The main takeaway is that the authors treat early rejection as carrying explicit value under a fixed alternative, then solve the resulting optimal control problem. This produces a state that depends only on current time and accumulated evidence, plus a clean reduction of the hard-deadline simple-vs-simple case to finite-horizon Neyman-Pearson and a stationary EDO rule for exponential decay that limits to the usual GRO criterion. Those pieces are new relative to standard anytime-valid and GRO literature. The construction stays Markovian and avoids circularity by grounding everything in the dynamic-programming setup from the start. The abstract and stress-test notes show no internal contradictions or hidden dependence on full history, so the central claims appear to hold up on their own terms. The obvious limitation is the need for a known alternative to define the reward function; that is a standard modeling choice in optimal testing but narrows direct applicability when the alternative is only partially specified. No other load-bearing gaps are visible. This work is aimed at people already working on e-processes, sequential testing, and optimal stopping who want to penalize late decisions. A reader who cares about practical timing in monitoring or A/B testing would get concrete tools from the EDO approximation and the finite-horizon link. The ideas are coherent enough and the connections to existing criteria are sharp enough that the paper merits a serious referee rather than a desk rejection.

Referee Report

0 major / 2 minor

Summary. The manuscript introduces a time-sensitive testing-by-betting framework for anytime-valid inference. Rewards are assigned to rejection times and the expected reward is maximized under a known alternative, yielding an optimal control problem. This problem admits a Bellman representation depending only on time and current evidence against the null (rather than full history). For hard deadlines in the simple-vs-simple setting, the problem reduces to a finite-horizon Neyman-Pearson problem whose optimal e-process is identified. Exponentially decaying rewards admit a stationary approximation producing the exponential-decay-optimal (EDO) criterion, which recovers the growth-rate-optimal (GRO) criterion in the large-time-scale limit.

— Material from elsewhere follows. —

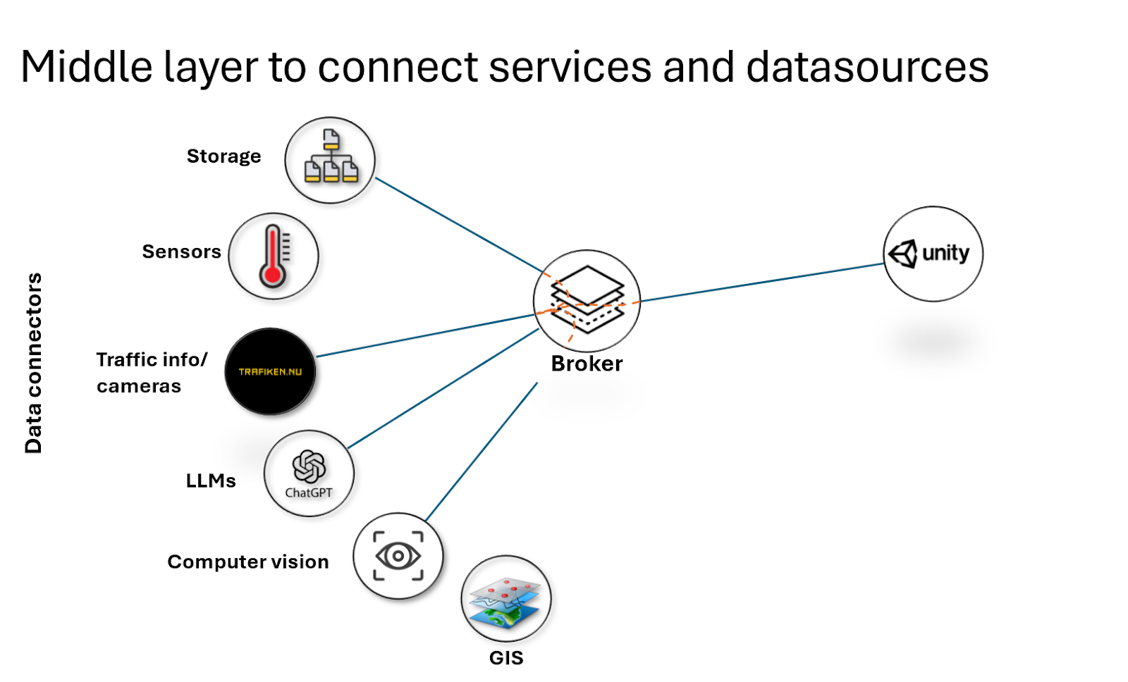 - En klient (Unity i bilden) ansluter till brokern och begär bland annat ut kamerabilder från en trafikkamera. Brokern ansluter upprättar en prenumeration som gör att alla nya bilder vidarebefordras till klienten. Sedan tidigare finns en koppling mellan en lagringstjänst (Storage) och kameraflödet som gör att klienten också kommer åt historiska bilder.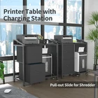 Printer Stand with Storage, Lateral Office Filing Cabinets with Power outlets & USB Charging Port, File Cabinet with Large Printer Stands for Home Office, Shredder Stand Rack with Wheels, Black ❤️【 File Cabinet with Power Outlet and USB Charging Ports 】This file cabinet has a more rational and user-friendly design. The file cabinet is built with 2 power outlets and 2 USB charging ports for your printer, paper shredder, scanner, phone, headset, tablet, and other office electric equipment which provides great convenience to your work when you are using them. This is a real combination of style and function. The modern printer stand gives a charming and elegant look. ❤️【Multipurpose Storage Rack】: Multifunctional and practical design makes it have a good performance and can meet any of your needs to fit in the office, living room, bedroom, kitchen, and whatever else is taking up space in your home or office. If you choose to buy this multi-purpose shelf with a power outlet supply, then you will have a Printer Stand, File Cabinet, Office Storage Rack, Paper Shredder Stand, Microwave Oven Stand, Kitchen Baker’s Rack, and File Rack Organizer at the same time. ❤️【Slide Rail Rack&Large Storage Drawer】This file cabinet has two large storage drawers that provide a lot of space to store your documents or items. The right shelf with slide and handle can store paper shredder or computer host shelf, easy to pull out and use. The office file cabinet with printer stand is equipped with six adjustable feet are provided to prevent shaking on uneven floors. ❤️【Super Sturdy Structure and Stable】The office file cabinet is equipped with a plastic-sprayed steel frame thickened, and the pipe wall is thick, stable, and has strong load-bearing capacity. The printer stand is made from a high-quality MDF board and a rugged premium metal frame, which is corrosion-resistant and can support heavy goods. The multifunction rack can bear up to 200 lbs, and bear to support heavy machines such as printers or microwave ovens. ❤️【Hassle-Free Assembly& Intimate Details】: Don’t be bothered by the nuts and bolts. To make your installation more convenient, the wood file cabinet comes with step-by-step instructions and all marked tool parts. We particularly use thicker foam, firm edges as well as two-tier packaging to protect the filing cabinet with a paper shredder stand. If you have any questions about this home printer stand, please contact us, and we will solve the problem for you in 24 Hours.

Significance. If the claimed state reduction and derivations hold, the work meaningfully extends anytime-valid testing to incorporate explicit time preferences, which is relevant for applications with deadlines or decaying utility of late rejections. The Markovian Bellman representation and the explicit recovery of the GRO criterion as a limiting case are technically attractive features that connect the new framework to both optimal control and existing e-process literature. The transparent modeling choice of a known alternative for optimization avoids hidden circularity.

minor comments (2)

Abstract: the clause 'the simple-vs-simple case reduces to a finite-horizon Neyman--Pearson problem and identify the corresponding optimal e-process' is grammatically incomplete; rephrase to 'we identify' or restructure the sentence for readability.
Abstract and introduction: while the Bellman representation is asserted to depend only on time and evidence, a brief statement of the regularity conditions (e.g., Markovian property of the evidence process under the alternative) that justify the state reduction would improve clarity.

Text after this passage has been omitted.